If the algorithm behaves well, it might converge to a global optimum solution or even several of them. In our investigation, we focus on the situation where an algorithm converges to one of the global minimum points \(x^*\in {{\,\mathrm{argmin}\,}}_{x\in X} f(x)\) which is interior with respect to the feasible region. In fact, it is better to switch to a nonlinear optimization algorithm from the iterate or one of the population points in that case. However, as the user is not always aware that the algorithms reached the final stage, it may continue for a while up to reaching a predefined stopping criterion.

figure a

In nonlinear optimization, the concept of convergence speed is well defined, see e.g., [3]. It deals with the convergence limit of the series \(x_k\). Let \(x_0, x_1, \ldots , x_k, \ldots \) converge to point \(x^*\). The largest number \(\alpha \) for which

$$\begin{aligned} \lim _{k\rightarrow \infty }\frac{\Vert x_{k+1}-x^*\Vert }{\Vert x_k - x^* \Vert ^\alpha } = \beta < \infty \end{aligned}$$
(3)

gives the order of convergence, whereas \(\beta \) is called the convergence factor. In this terminology, the special instances are

  • linear convergence with \(\alpha = 1\) and \(\beta <1\)

  • quadratic convergence with \(\alpha = 2\) and \(0< \beta <1\)

  • superlinear convergence: \(1<\alpha <2\) and \(\beta <1\), i.e. \(\beta =0\) if \(\alpha = 1\) in (3).

How is this limit behaviour for SGO algorithms? First of all, we are dealing with (pseudo-)random iterates that may or not behave in a Markovian way in the limit situation. Second, many SGO algorithms are population algorithms as sketched in the generic Algorithm 1. This means that stopping criteria in limit (when no maximum number of evaluations is set) may be based on the convergence of the distance in the population (swarm) \(\max _{p,q\in \mathcal P}\Vert p-q\Vert \), or the function value \(\max _{p,q\in \mathcal P}|f(p)-f(q)|\). The first criterion is not appropriate when the population clusters around several minimum points. In [5], the convergence behaviour of Controlled Random Search (CRS) is studied also for the case where we have convergence to several minimum points.

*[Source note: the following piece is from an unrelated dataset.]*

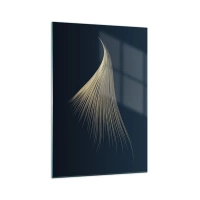 Obraz na szkle - Delikatna linia przypominająca pióro na granatowym tle - 70x100cm - Jak anioła włos - Nowoczesna dekoracja ścienna do salonu i sypialni ARTTOR

In this study, we focus on the behaviour of six SGO algorithms for convergence to one minimum point of a smooth function. This facilitates considering the limit situation as the behaviour over a convex quadratic function

$$\begin{aligned} f(x)= f(x^*)+\frac{1}{2}x^TH(x^*)x, \end{aligned}$$
(4)

where \(H(x^*)\) is the Hessian in the minimum point \(x^*\).

According to [5], the speed of convergence of a SGO algorithm is determined by the so-called success rate

$$\begin{aligned} S_k:= P\left( f(x_{k+1})<\max _{p\in \mathcal P} f(p)\right) , \end{aligned}$$
(5)

as the probability that the next generated iterate is better than the worst function value in the population. Our research question is how \(S_k\) is behaving when practically used population SGO algorithms solve problem (4). Specifically

  1. 1.

    Are the algorithms going to behave in a stationary way, i.e. is \(S_k\) converging?

  2. 2.

    How do the algorithms compare with respect to convergence speed on the same Hessian?

  3. 3.

    How do the algorithms behave for varying dimension and condition number of the Hessian \(H(x^*)\) and are algorithms sensitive to rotation, i.e. does their behaviour depend on the eigenvectors?

The latter is related to the roundness of the ellipsoidal level sets of function (4).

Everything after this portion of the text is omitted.